Data shown —

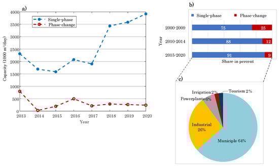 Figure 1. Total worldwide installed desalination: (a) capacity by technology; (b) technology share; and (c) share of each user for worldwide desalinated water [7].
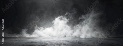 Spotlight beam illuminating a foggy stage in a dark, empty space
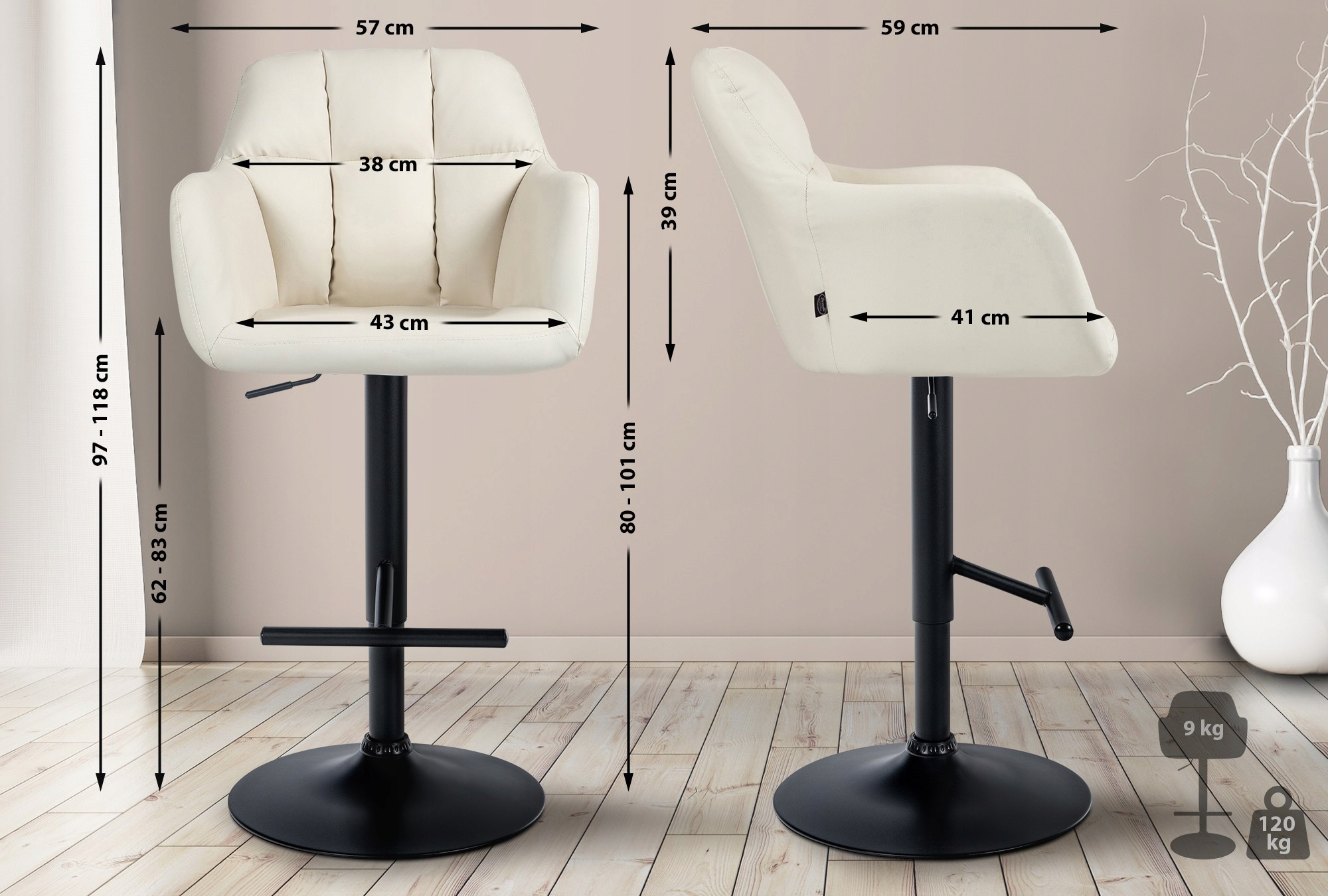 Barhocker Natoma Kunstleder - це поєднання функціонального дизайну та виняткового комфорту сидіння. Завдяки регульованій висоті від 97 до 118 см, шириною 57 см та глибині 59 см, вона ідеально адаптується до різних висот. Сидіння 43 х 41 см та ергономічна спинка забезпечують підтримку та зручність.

Exercise objective —
Please copy the data above exactly; the pictures do not belong in the copy.

Task solution —
 Figure 1. Total worldwide installed desalination: (a) capacity by technology; (b) technology share; and (c) share of each user for worldwide desalinated water [7].
 Spotlight beam illuminating a foggy stage in a dark, empty space
 Barhocker Natoma Kunstleder - це поєднання функціонального дизайну та виняткового комфорту сидіння. Завдяки регульованій висоті від 97 до 118 см, шириною 57 см та глибині 59 см, вона ідеально адаптується до різних висот. Сидіння 43 х 41 см та ергономічна спинка забезпечують підтримку та зручність.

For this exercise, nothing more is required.